This is Part 2 of our LDROBOT LD14P on Raspberry Pi series. Part 1 covered wiring the LiDAR and reading live distance data in Python. Here we go the other way: sending commands to the LiDAR to stop the motor, start it again, and set the scan speed.
Tested: stop, start, status, and speed all verified on a Raspberry Pi 5 over the GPIO serial port. Bug reports welcome on our support forum.
Why control the motor?
By default the LD14P spins and streams the moment it gets power. That’s fine while you’re scanning, but there are good reasons to take control:
- Save power and noise — stop the motor when your robot is idle instead of spinning around the clock.
- Reduce wear — the bearing and motor last longer when they are not always running.
- Tune the scan rate — trade update speed for angular resolution by setting 2–8 Hz.

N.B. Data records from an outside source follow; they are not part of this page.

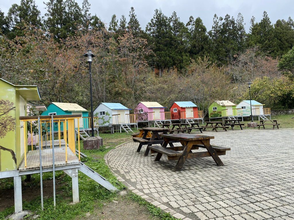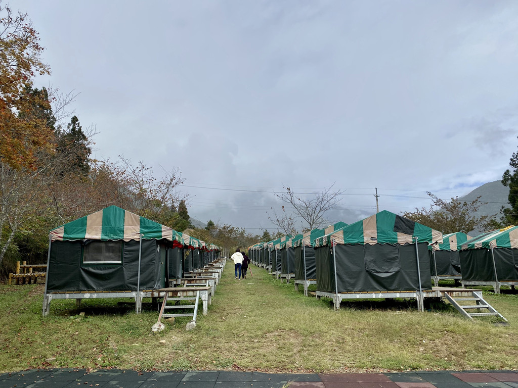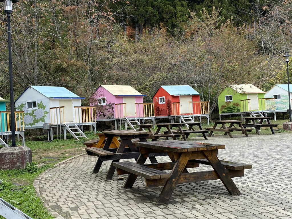 我們再繼續前行來到武陵的露營區,如果沒能訂到賓館或山莊,露營區也是一個很好的體驗,這兒的露營區有繽紛色彩的露營小木屋、空中帳篷(懶人露營的好選擇,不用自行搭帳),還有提供自搭帳篷的汽車棧板區,視個人喜好選擇,但是在旺季如櫻花季,這個露營區也是一位難求。這裏的露營屋內部是沒有提供衛浴,要到公共衛浴。管理中心有提供男女浴廁,也有2台冰箱,還有2台洗衣機,也有提供飲水設備。如果不想炊事,管理中心也有賣泡麵、零食、醬菜等食物,也有賣一些熱食,怕冷的話也有電毯可以租借。所以是蠻方便的。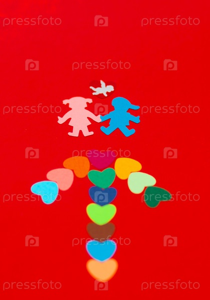 Бумажные мальчик и девочка с ангелом и стрелка из разноцветных сердечек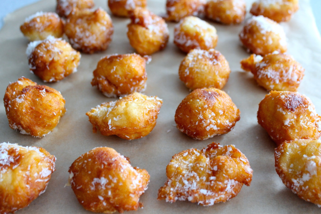 Išvirusias spurgytes nusausiname ant popierinio rankšluosčio. Pabarstome milteliniu cukrumi, kokoso drožlėmis.

- Clean startup and shutdown — spin up only when your software is ready to read.
What changed from Part 1: one extra wire
Reading data only used the LiDAR’s TX line (the LiDAR talks, the Pi listens). To send commands, the Pi has to talk back — so its TX pin must reach the LiDAR’s RX. In Part 1 we left the LiDAR RX disconnected; now add one jumper:
| LD14P cable | Pi 5 GPIO | Board pin |
|---|---|---|
| RX (new wire) | GPIO 14 (TXD) | pin 8 |
| TX | GPIO 15 (RXD) | pin 10 |
| 5V | 5 V | pin 2 or 4 |
| GND | GND | pin 6 |
Everything else stays exactly as in Part 1 — same 230400 baud, same /dev/serial0, same one-time Pi setup. If you have not done the Pi 5 serial setup yet, work through Part 1 first; without it the port will not exist.

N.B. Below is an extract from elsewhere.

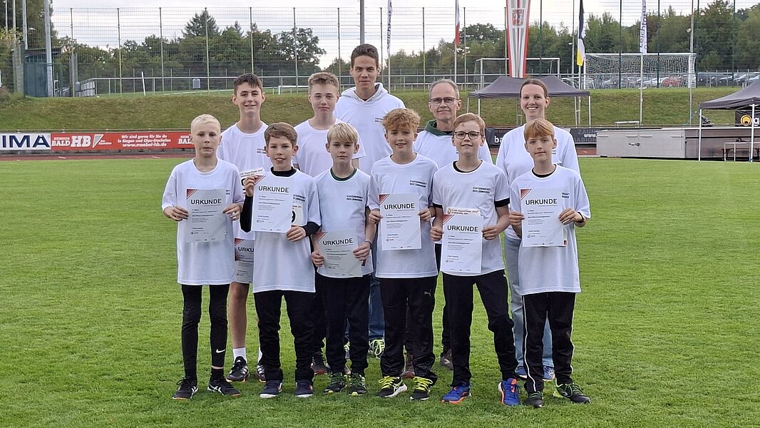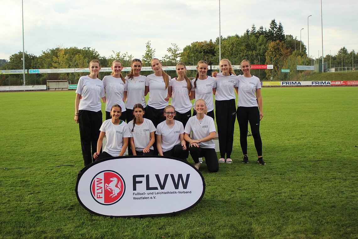 Vor der traditionellen Schlussdisziplin, dem 800-Meter-Lauf, war klar, dass es sehr eng werden würde, da Jula Ehnis (Olfen ) und Helena Mußhoff in einer Disziplin antreten mussten, in der sie sich in den Dienst der Mannschaft stellten und somit nicht zu den Spezialistinnen zählten. Doch ähnlich wie Leo Neugebauer bei der WM in Tokio holten die beiden Mädchen in ihren jeweiligen Läufen alles heraus, um den Vorsprung ins Ziel zu retten. Am Ende kamen beide mit neuen Bestzeiten im Ziel an. Ehnis gewann ihren Lauf mit 2:45,00 min und Mußhoff, die in den stärkeren Lauf eingeordnet war, kam nach einem tollen Endspurt auf 2:44,54 min. Nach minutenlangem Warten war es dann klar, die Startgemeinschaft hatte Bronze mit genau 6931 Punkten geholt. Am Ende hatte man einen Vorsprung von genau 9 Punkten vor dem LC Paderborn und knapp 50 Punkten vor Schalke 04.

How LD14P motor commands work
Some LiDARs control motor speed with a separate PWM pin. The LD14P is different: it takes command frames over the same UART it streams data on. Each command is 8 bytes:
| Bytes | Field |
|---|---|
| 1 | Header 0x54 |
| 1 | Command — 0xA0 start, 0xA1 stop, 0xA2 set speed |
| 1 | Payload length 0x04 |
| 4 | Payload (for set-speed: scan rate in deg/sec, little-endian, in the first 2 bytes) |
| 1 | CRC-8 over the first 7 bytes (same poly-0x4D table as the data packets) |
So the three commands work out to these exact bytes:
Start motor : 54 A0 04 00 00 00 00 5E
Stop motor : 54 A1 04 00 00 00 00 4A
Set 6 Hz : 54 A2 04 70 08 00 00 A1 (0x0870 = 2160 deg/sec = 6 Hz)Scan speed is valid from 2 to 8 Hz (deg/sec = Hz × 360). These command bytes and the CRC are derived from the open-source kaiaai/LDS library, which drives the same LiDAR family on microcontrollers.
The Python script
Save this as ld14p_motor.py, or grab it from the kaiaai/rpi5_ldrobot_ld14p repo alongside the Part 1 reader:
#!/usr/bin/env python3
"""LDROBOT LD14P 2D LiDAR - motor control over UART.
Stop, start, or set the scan speed of an LD14P by sending it command frames
on the serial port. Commands and CRC verified against the kaiaai/LDS library.
WIRING: sending commands needs the Pi's TX wired to the LiDAR's RX.
LD14P RX <- Pi GPIO14 / TXD (physical pin 8)
This is IN ADDITION to the read wiring (LD14P TX -> Pi GPIO15/RXD, pin 10).
Usage:
python3 ld14p_motor.py stop # stop the motor (data stream halts)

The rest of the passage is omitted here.